2. Colección de larvas
- Para la recolección de larvas elija las larvas errantes que no tienen espiráculos everted. Después de la eversión de los espiráculos, la larva entra en la etapa prepupal, conservando excelentes cromosomas politeno adecuados para el análisis. Sólo después de 12 horas las células de la glándula salival comienzan a prepararse para la muerte celular programada14,15.
- Tome quince larvas de 3° y colótelas en un vaso de reloj para lavarlas. Luego transferirlos a una solución salina helada o PBS (1x PBS: 137 mM NaCl, 2.7 mM KCl, 10 mM Na2HPO4,2 mM KH2PO4,ajustar el pH a 7.4).
- Diseccione de 15 a 30 pares de glándulas salivales (o tantas como sea posible en 30 minutos) en PBS frío con inhibidores de la proteasa bajo el microscopio estereoscópico. Transfiera las glándulas salivales a un tubo de 1,5 mL con PBS helado.
- Lavar una vez con 1 mL de PBS más inhibidores de la proteasa. Espere a que el tejido llegue a la parte inferior del tubo.
- Después del lavado, retire el PBS con una pipeta de 1000 μL. Tenga cuidado de no tocar el tejido.
- Alternativamente, diseccione las glándulas salivales en 5 mL de PBS para eliminar la necesidad de esta etapa de lavado y proceda a la etapa 3 transfiriendo las glándulas salivales a 0,5 mL del tampón de fijación de Ruvkun que se describe a continuación.
3. Fijación del tejido de la glándula salival
- Después de retirar el PBS del último paso, agregue directamente 0.5 mL de 1x tampón de fijación de Ruvkun, con 50% de metanol (agregue 0.5 mL de metanol) y 2% de formaldehído.

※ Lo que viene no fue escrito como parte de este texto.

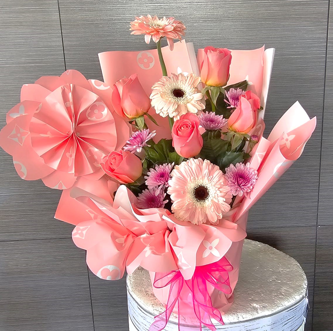 Arreglo floral de rosas con gerberas.

NOTA: 2x solución de Ruvkun es 160 mM KCl, 40 mM NaCl, 20 mM EGTA, 30 mM TUBERÍAS a pH 7.4. - Incubar durante 2 horas a 4 °C con rotación suave.
4. Lavado de tejido de las glándulas salivales
- Realizar un lavado de rotación de 5 minutos con 1 mL de tampón Tris/Tritón (100 mM Tris pH 7,4, 1% Tritón X-100 y 1 mM EDTA).
NOTA: Espere a que el tejido llegue a la parte inferior del tubo.
5. Permeabilización
- Incubar las glándulas salivales en 1 mL de Tris/Triton X-100 (lo mismo que arriba). Para algunas proteínas podría ser necesario añadir un 1% β-mercaptoetanol.
- Incubar durante 2 horas a 37°C con temblor leve (300 rpm).
6. Paso de preservación (opcional)
NOTA: Si no procede inmediatamente a la incubación con el anticuerpo, preservar el tejido de la siguiente manera.
- Lavar con 1 mL de Tampón BO3 (0.01 M H3BO3 pH 9.2 + 0.01 M NaOH) y luego incubar en BO3/10 mM TDT a 37 °C con agitación leve (300 rpm) durante 15 minutos.
- Al final del período de incubación, realice un lavado con 1 mL de BO3 tampón solo.
NOTA: Espere a que el tejido llegue a la parte inferior del tubo. - Añadir 1 mL de PBS. Conservar el tejido de esta solución a 4 °C durante un hasta 72 horas y luego continuar con el siguiente paso. Este paso es particularmente útil cuando se trabaja con diferentes cepas mutantes que pueden presentar un ciclo de vida retrasado, por lo que la inmunodetección se puede realizar al mismo tiempo junto con los controles.
7. Bloqueo de tejidos
- Incubar las glándulas salivales en 1 mL de Buffer B (PBS + 0,1% BSA + 0,5% Triton X-100 + 1 mM EDTA) durante 2 horas a temperatura ambiente con rotación.
8. Inmunosutención
- Retire todo el tampón B y agregue el tampón A (PBS + 0.1% BSA) más anticuerpos de interés.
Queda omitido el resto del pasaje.